How to complete this task:
Begin at the line below that has "Beach towel Italy". Stop after the line that has "First start by", repeating each line exactly and leaving out the pictures.
•••••
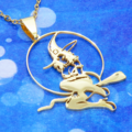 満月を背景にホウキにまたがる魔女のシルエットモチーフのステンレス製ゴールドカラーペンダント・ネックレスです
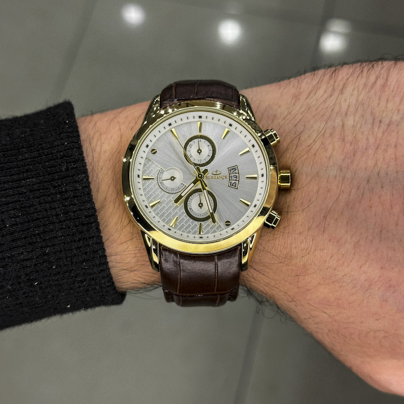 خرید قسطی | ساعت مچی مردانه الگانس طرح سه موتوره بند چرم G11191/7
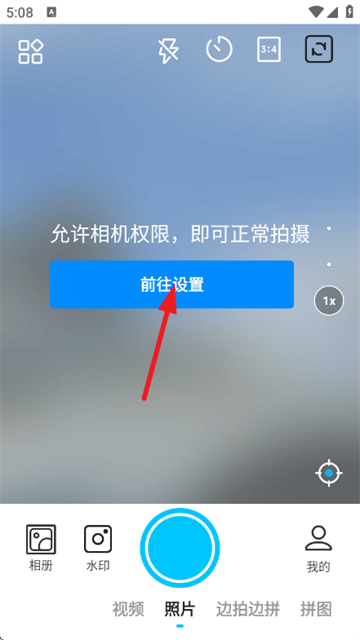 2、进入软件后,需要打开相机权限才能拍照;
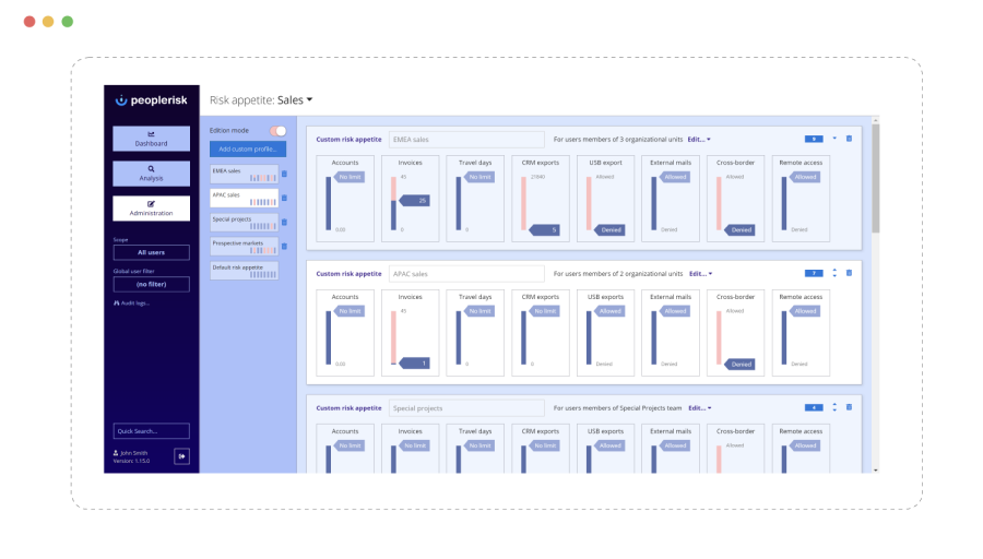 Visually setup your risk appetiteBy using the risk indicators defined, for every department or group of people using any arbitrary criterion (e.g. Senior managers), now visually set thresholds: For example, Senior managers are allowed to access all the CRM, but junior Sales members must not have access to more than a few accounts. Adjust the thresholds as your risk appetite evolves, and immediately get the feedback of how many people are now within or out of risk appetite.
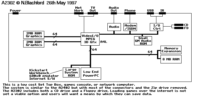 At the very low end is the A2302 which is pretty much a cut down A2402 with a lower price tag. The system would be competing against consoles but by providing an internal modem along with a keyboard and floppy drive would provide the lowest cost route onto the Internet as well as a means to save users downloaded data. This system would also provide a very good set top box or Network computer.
•••••
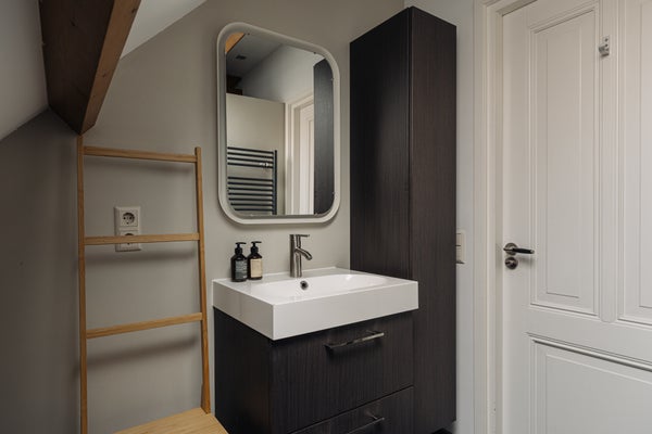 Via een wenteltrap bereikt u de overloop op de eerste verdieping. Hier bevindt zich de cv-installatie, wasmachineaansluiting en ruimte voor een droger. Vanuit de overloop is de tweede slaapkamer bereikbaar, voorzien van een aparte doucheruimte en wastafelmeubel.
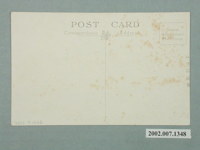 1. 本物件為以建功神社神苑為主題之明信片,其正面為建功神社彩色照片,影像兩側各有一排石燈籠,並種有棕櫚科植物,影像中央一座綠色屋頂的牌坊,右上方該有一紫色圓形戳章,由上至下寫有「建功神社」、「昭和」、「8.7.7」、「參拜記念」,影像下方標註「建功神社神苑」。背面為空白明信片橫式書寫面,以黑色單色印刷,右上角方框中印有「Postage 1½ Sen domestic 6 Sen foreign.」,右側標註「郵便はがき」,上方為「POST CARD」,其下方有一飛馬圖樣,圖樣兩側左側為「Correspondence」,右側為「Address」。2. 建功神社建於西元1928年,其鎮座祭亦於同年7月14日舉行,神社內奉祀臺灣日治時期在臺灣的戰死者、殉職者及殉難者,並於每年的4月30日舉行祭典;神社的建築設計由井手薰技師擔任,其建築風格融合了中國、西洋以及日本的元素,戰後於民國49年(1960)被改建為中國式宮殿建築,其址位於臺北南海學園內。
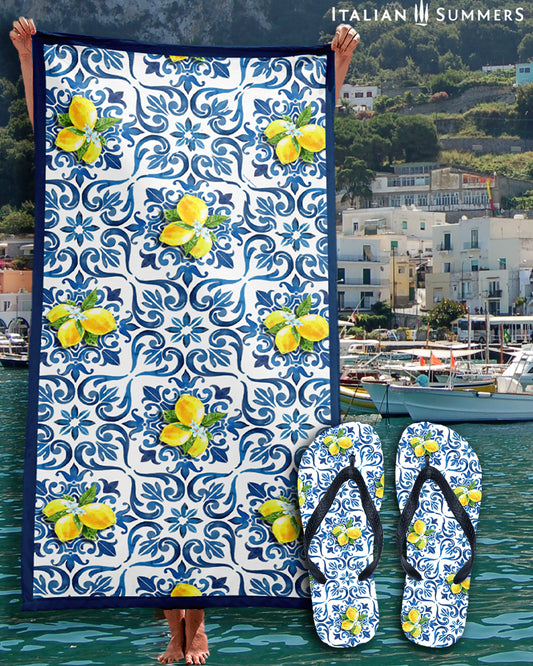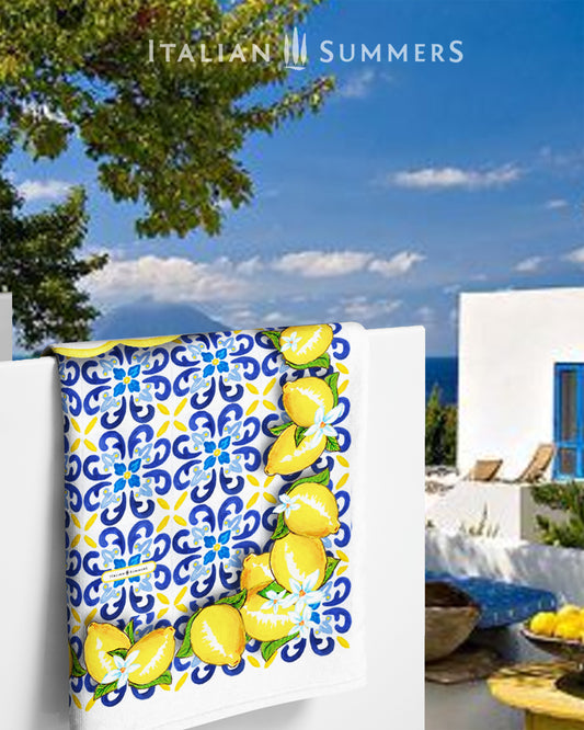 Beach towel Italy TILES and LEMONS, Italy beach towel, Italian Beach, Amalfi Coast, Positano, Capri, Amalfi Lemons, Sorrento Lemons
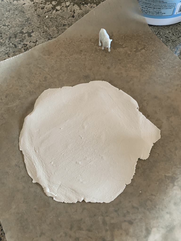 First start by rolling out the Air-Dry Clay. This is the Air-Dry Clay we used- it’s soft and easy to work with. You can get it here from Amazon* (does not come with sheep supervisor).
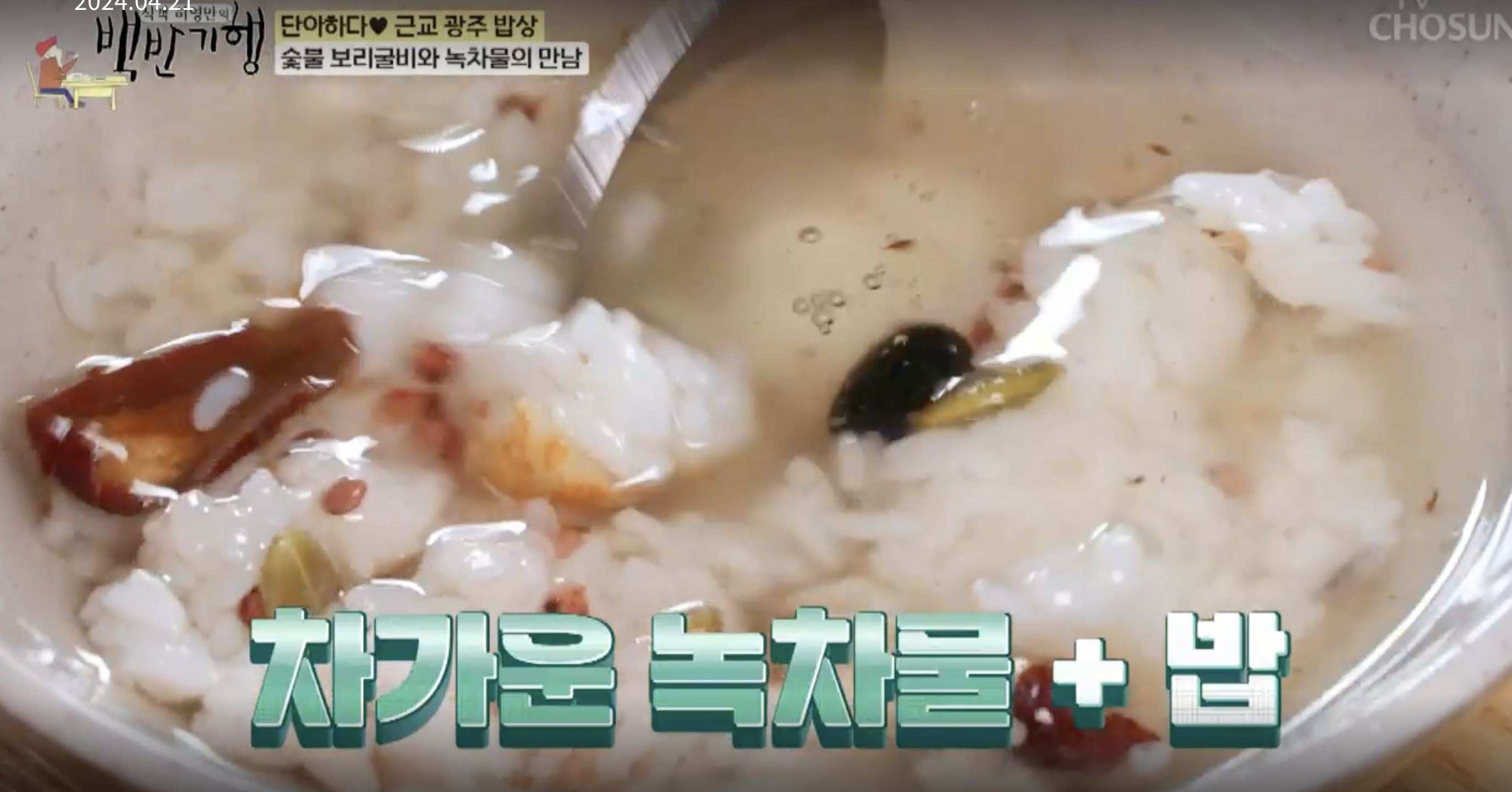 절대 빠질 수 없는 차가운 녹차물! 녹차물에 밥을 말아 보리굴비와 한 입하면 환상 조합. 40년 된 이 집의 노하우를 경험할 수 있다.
•••••
Exercise result:
 Beach towel Italy TILES and LEMONS, Italy beach towel, Italian Beach, Amalfi Coast, Positano, Capri, Amalfi Lemons, Sorrento Lemons
 First start by rolling out the Air-Dry Clay. This is the Air-Dry Clay we used- it’s soft and easy to work with. You can get it here from Amazon* (does not come with sheep supervisor).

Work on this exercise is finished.